The U.S. Department of Agriculture last week lowered its projection for Australia's crop to 21 million tonnes from 23 million tonnes. Traders had shrugged off the USDA estimate as too high.

 

Looking forward, more crop losses are possible in Australia with forecasts for little rain in growing areas, meteorologists said.

 

For the rest of this week, the DTN Meteorlogix forecast predicts conditions will stay on the dry side for almost the entire Australian wheat belt. A few light showers will form in Victoria and southern New South Wales on Wednesday, with West Australia receiving scattered light showers next Monday, the weather firm said.

 

"Crop losses will increase as the crop enters the critical heading stage during the next few weeks," Meteorlogix said.

 

ABARE's estimate for 2007 Australian wheat production was less than the output projection it issued last September for the drought-ravaged 2006 crop.

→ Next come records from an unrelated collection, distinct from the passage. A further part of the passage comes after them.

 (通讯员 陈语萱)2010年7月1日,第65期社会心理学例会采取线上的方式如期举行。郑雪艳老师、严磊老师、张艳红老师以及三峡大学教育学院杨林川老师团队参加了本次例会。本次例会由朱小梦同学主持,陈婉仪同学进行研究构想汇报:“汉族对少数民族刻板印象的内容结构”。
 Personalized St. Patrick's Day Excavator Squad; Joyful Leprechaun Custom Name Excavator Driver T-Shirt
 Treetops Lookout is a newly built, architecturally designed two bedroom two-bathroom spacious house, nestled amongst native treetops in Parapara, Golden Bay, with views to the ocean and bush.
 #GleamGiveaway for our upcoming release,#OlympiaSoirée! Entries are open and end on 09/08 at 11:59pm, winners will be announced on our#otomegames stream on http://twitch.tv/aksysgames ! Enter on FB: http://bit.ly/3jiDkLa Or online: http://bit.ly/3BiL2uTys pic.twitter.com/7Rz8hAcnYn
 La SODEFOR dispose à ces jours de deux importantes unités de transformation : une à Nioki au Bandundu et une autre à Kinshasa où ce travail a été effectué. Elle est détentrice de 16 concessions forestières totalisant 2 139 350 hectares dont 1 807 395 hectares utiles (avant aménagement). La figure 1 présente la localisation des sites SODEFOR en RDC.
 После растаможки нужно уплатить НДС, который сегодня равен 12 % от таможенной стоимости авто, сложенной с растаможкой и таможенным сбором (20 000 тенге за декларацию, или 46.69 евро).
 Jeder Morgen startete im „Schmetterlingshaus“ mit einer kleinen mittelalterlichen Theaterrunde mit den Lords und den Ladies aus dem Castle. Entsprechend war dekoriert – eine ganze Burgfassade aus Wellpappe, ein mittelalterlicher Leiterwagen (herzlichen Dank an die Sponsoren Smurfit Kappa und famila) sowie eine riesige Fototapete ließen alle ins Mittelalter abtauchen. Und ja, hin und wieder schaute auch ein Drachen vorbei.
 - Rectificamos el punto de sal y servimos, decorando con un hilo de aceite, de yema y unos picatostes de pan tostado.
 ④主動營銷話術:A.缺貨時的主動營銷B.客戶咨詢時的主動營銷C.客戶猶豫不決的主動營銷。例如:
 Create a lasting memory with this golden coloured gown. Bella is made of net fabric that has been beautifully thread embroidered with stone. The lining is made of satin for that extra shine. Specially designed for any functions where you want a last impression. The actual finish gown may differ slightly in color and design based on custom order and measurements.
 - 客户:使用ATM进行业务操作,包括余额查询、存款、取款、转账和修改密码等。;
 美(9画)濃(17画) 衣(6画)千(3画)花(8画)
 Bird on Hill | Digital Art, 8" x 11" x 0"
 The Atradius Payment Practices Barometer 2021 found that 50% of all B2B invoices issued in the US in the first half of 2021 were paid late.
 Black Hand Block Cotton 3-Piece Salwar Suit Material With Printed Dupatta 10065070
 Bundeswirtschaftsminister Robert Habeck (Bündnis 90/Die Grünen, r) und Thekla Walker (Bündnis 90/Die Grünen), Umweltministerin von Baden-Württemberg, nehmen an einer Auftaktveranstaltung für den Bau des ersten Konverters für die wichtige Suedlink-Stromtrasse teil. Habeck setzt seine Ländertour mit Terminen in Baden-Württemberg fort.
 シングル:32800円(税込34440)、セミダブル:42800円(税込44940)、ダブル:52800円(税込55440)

In September 2006, ABARE pegged production at 16.4 million tonnes before sharply lowering its estimate in October.

 

The bureau put the crop at 9.5 million tonnes in October 2006 and then raised the forecast slightly to 9.7 million tonnes in December 2006. Actual output last crop year totaled a scant 9.8 million tonnes.

 

ABARE's new-crop export projection of 12.8 million tonnes also looked too strong based on the USDA's carry-in estimate of 3.2 million tonnes, said Bill Nelson, associate vice president of AG Edwards & Sons. Instead, exports appear headed for about 8.5 million tonnes, based on ABARE's new production forecast and the USDA's domestic use estimate of about 7 million tonnes, he said.

 

"If the crop is hurt even more by drought, the pullback in exports would be even more severe," Nelson said in a research note.

 

Without a surprising estimate from ABARE, there was not enough unexpected bullish news to support prices, traders said. Wheat is a bull market, and the bulls need to be fed every day, they said.

 

"It's getting difficult to make (the wheat market) more bullish than it already is," Durchholz said. "You're getting into a point here where it's getting harder to find that" daily dose of fresh, supportive news.

 

 

Kansas City Board of Trade

 

ABARE's crop estimate was seen as below the average trade guess, but the market could not sustain a push into positive territory after closing near limit-up Monday, a KCBT floor trader said. Traders remain nervous at high prices, and it seemed as though "there was a good amount of build-up before the report," he said.

 

Some Kansas hard red winter wheat growing areas also received some rains overnight, which was seen as slightly bearish because the precipitation added moisture to the soil, a trader said. The precipitation helped ease some anxiousness about seeding next year's crop, Durchholz said.

 

The USDA said 14% of the winter wheat crop was planted, down from 17% last year and the five-year average of 20%. In Kansas, 7% of the crop was planted, down from 12% in 2006 and the five-year average of 13%.

 

The rains were "probably dampening enthusiasm just a little bit," Durchholz said.

 

 

Minneapolis Grain Exchange

 

It was "a little surprising" that the market could not manage to hold on to any gains after prices rose overnight on the ABARE report, a MGE floor trader said. Demand still looks strong, with the state-run Trading Corp. of Pakistan saying it plans to hold an international tender for the import of 300,000 to 500,000 metric tonnes of milling wheat later this week, he said.

 

Technically, wheat futures are in an overbought condition and have room to step back from record-high prices, analysts said. Traders holding long positions know "there's a lot of vulnerability" for setbacks, Durchholz added.